ORLANDO – Having a cytopathologist on hand during an ultrasound-guided biopsy of the pancreas can increase the likelihood of getting it right on the first try, according to results from a randomized controlled trial reported at the annual Digestive Disease Week.

Among 131 patients at three clinical centers who underwent endoscopic ultrasound-guided fine-needle aspiration (EUS-FNA) of pancreatic masses, those randomized to procedures with on-site cytopathology (CyP+) had a significantly higher proportion of biopsies deemed suspicious or malignant than did those randomized to biopsies with no cytopathologist immediately at hand.

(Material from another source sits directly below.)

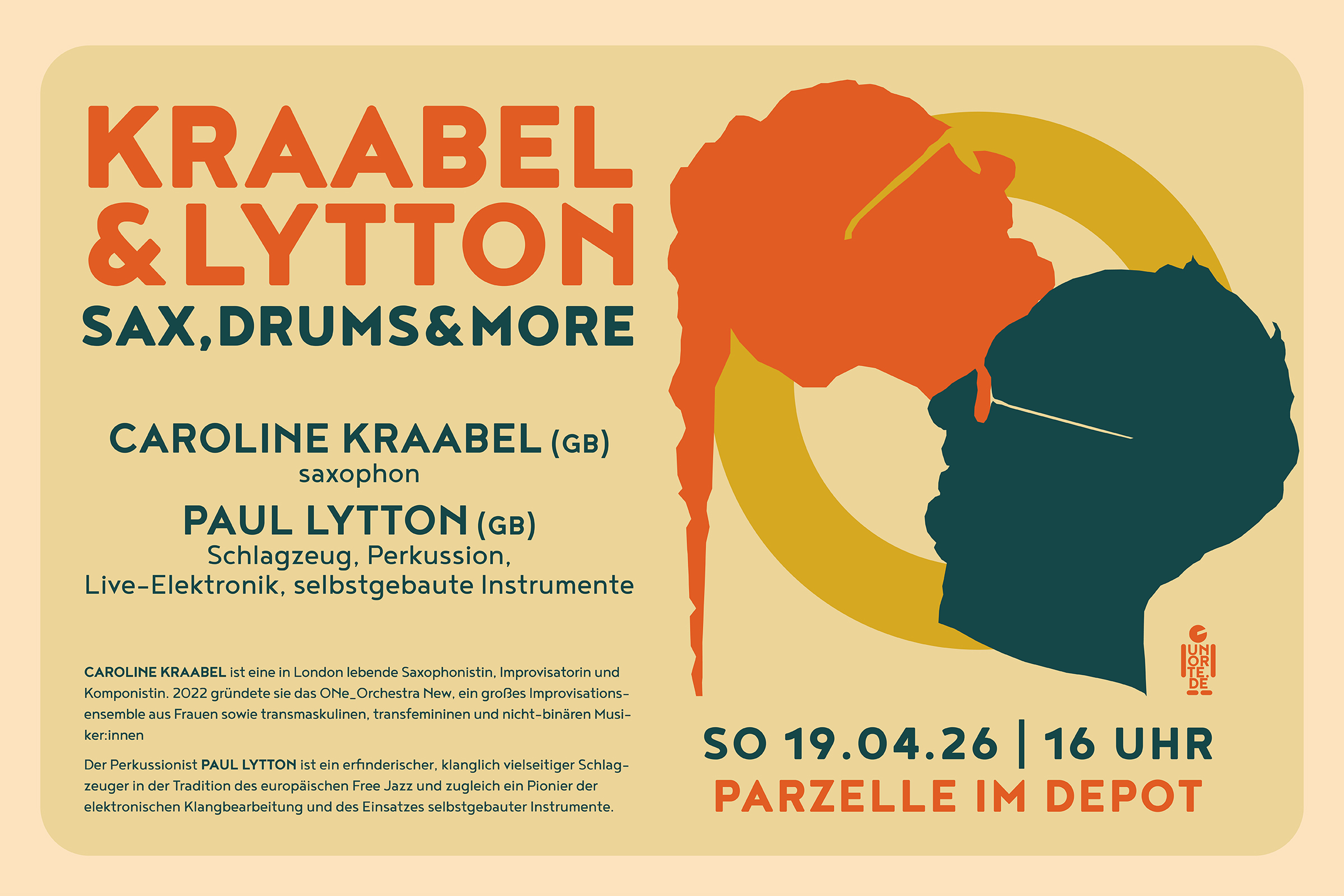 SO | 19.04.2026 | 16:00 Uhr Konzert am Sonntagnachmittag KRAABEL – LYTTON Caroline Krabbel – Saxophon Paul Lytton – Schlagzeug, Perkussion, Live-Elektronik, selbstgebaute Instrumente Der Perkussionist Paul Lytton ist ein erfinderischer, klanglich vielseitiger Schlagzeuger in der Tradition des europäischen Free Jazz und zugleich ein Pionier der elektronischen Klangbearbeitung und des Einsatzes selbstgebauter Instrumente. Lytton feierte Ende der 1960er-Jahre seine ersten bemerkenswerten Auftritte in der britischen Musikszene, und sein Einfluss – insbesondere im Bereich der Live-Elektronik – ist auch über 30 Jahre später noch im Experimentieren einer neuen Generation von Improvisatoren spürbar. (Dave Lynch) …er hebt die Zeitmessung nicht so sehr auf, sondern erschafft sie in einem stillen, riesigen Raum neu; gewaltige Klangmassen und Strukturen scheinen in der Luft zu schweben. Es ist ein beunruhigendes Erlebnis. (R. Cook) Paul Lytton ist vertreten auf: Island, Incus, Moers, Cramps, Hohe Ufer Konzerte, Horo, Po Torch, Uhlklang, SAJ, JND, Bead, Intakt, ECM, Leo Records, CIMP, Rastascan, Maya, Hybrid, Emanem, Wobbly Rail. Caroline Kraabel ist eine in London lebende Saxophonistin, Improvisatorin und Komponistin. 2022 gründete sie das …

Patients with on-site cytopathology also were significantly more likely to have adequate specimens taken, and to require fewer EUS-FNA passes per procedure, reported Dr. Sachin Wani, of the University of Colorado Anschutz Medical Center in Aurora, and his colleagues.

Biopsies performed with cytopathologists present took about 4 minutes longer to perform, however.

Investigators in three tertiary care centers in Missouri and Colorado randomly assigned patients with pancreatic masses to undergo EUS-FNA with cytopathology on-site, with the number of needle passes determined by the judgment of the adequacy of the sample by the pathologist (maximum of 10) or the same procedure with 7 passes, with cytopathology performed later.

At each center, all final pathology slides were reviewed by cytopathologists using standard criteria for both cytologic characteristics and final cytologic diagnosis.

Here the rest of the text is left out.